A link core processes go wrong, resulting in the overall process fails, the whole process or part of the business scenario of failure will lead to intensive problems. It is usually added to the main flow of the piece of code, but the code does not take into account the robustness of a scene or poor, affecting whole.

Precaution:

  1. Assess change point! Very important! Even if only one line, as long as the main flow, it must carefully evaluate its sphere of influence. Code is added to the main flow is longer, to be alert.
  2. Increase the necessary try-catch.
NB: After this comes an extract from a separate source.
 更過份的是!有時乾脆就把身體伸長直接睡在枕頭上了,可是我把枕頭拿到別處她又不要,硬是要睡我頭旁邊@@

If the added code only local effects, can add the necessary try-catch, handle unforeseen circumstances prevent abnormal affect the overall process.
  3. The best do not easily change the overall impact of generic methods and configurations (side impact and return to face very large); and not only new modification possible.
  4. Comprehensive coverage of the core processes of test cases, each release is required by return.
  5. The risk of changes to increase the switch. Once the error, close the change immediately.

real case scenario:

Lack of robustness

After the realization of services, robustness is to ensure that services can run smoothly, the correct response to the first hurdle errors and exceptions, and it is one of the necessary codes accomplishment qualified programmers.
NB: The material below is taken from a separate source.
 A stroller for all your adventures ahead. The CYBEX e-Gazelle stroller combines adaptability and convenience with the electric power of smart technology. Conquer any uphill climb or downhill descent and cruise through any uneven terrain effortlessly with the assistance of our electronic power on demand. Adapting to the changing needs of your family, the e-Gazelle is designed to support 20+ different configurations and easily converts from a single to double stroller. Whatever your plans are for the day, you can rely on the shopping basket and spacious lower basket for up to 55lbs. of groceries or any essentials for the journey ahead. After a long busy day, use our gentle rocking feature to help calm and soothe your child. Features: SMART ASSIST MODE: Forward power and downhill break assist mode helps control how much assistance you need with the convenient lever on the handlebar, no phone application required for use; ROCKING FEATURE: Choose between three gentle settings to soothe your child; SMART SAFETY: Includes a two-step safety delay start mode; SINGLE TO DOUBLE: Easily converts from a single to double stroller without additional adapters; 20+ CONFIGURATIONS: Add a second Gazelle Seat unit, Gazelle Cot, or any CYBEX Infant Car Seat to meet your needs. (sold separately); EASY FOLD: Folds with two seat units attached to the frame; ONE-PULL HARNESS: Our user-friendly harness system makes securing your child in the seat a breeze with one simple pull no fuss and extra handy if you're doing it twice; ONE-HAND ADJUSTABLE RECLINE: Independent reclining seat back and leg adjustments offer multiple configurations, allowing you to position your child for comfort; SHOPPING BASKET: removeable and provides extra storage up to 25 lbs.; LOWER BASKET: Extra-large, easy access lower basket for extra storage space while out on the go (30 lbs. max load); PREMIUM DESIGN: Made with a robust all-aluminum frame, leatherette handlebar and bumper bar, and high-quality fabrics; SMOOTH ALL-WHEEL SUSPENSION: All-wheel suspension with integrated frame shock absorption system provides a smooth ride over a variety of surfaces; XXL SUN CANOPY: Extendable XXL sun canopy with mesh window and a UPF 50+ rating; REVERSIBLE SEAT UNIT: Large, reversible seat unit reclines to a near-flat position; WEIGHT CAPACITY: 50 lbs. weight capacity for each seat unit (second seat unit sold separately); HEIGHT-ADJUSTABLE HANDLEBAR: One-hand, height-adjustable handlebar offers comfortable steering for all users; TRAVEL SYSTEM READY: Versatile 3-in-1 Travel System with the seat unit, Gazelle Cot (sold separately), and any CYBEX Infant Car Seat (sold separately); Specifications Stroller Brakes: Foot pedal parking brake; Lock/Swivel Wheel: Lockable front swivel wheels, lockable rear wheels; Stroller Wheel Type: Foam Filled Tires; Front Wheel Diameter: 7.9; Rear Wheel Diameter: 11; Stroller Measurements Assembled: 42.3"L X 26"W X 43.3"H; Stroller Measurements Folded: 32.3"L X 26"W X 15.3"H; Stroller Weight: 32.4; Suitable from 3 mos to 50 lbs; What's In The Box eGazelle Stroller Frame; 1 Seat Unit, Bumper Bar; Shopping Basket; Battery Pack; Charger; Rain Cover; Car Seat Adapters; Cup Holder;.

Poor robustness, can easily lead to unexpected due to the local details, dirty data, local call fails affect the overall process and display.

Precaution:

  1. Thinking errors and exceptions, the more the better.
  2. Make good use try-catch escort.
  3. Use an empty string, an empty list alternative null.
  4. Test coverage abnormal branch.

real case scenario:

  • Due to a null value causes the entire list of orders failed to load.
  • Due to a minor dependent error causes the entire details page failed to load.
  • Hook code in question, but not tested; when the process went abnormal branch code, kneeling out tasks directly and repeatedly restart and kneel out.

Instantaneous high flow

Instantaneous high flow is caused by the failure of a major killer. Instantaneous flow, will lead to a shortage of machine resources, CPU or memory full or card soared, the number of connections played a direct impact on the stability of the overall service.

For message processing applications, high flow can cause instantaneous message processing delays, traffic flow lagged state, affect the following link; for non-Messaging applications will result in obstruction-tasking interface slow response or no response.

Precaution:

  1. Clustered environments: to ensure that each machine or Region cluster load balancing;
  2. Stand-alone environment: targeted current limit, speed limit and limit the number.
  3. Pressure measurement exercise. After the measurement of the pressure vessel.

real case scenario:

extreme case

Extreme case refers to the occurrence of some very rare event of a partial challenge to the limit of the system, causing the system out of the question.

For example, a number of product types in the order is usually no more than 10, but a single merchant or buyer brush, resulting in a large number of orders containing more than 50 items, then intensive export would cause the application FullGC serious, causing a timeout or the interface response task can not continue.

Precaution:

  1. Thinking extreme situation, and impact;
  2. Ahead of an extreme case testing and design.

real case scenario:

Dependent failure

Dependence can fail for the following situations:

  1. It depends services, configuration or variable does not exist or is not appropriate version, cause the application failed to start, or the service can not operate normally after the start;
  2. When the base on which service a large number of unstable error, depend on it will lead to high-frequency applications are also a large number of error, leading to an avalanche effect.

Precaution:

  1. When a project involving multiple systems or released many details, you need to write publish documents, carefully specified configuration and release order to ensure the correctness of the application-dependent. In the specific release, we will have to strictly enforce publish a list of checkpoints and the release order documentation specified. Check the dependencies: API version, Jar version, dependent services, configuration items, DB field.
  2. Automatic demotion. Strict control of timeout, isolate or remove unnecessary weak dependency.

Capital loss

Customer assets are very sensitive to private property rights. When capital loss occurs, typically the highest failure level.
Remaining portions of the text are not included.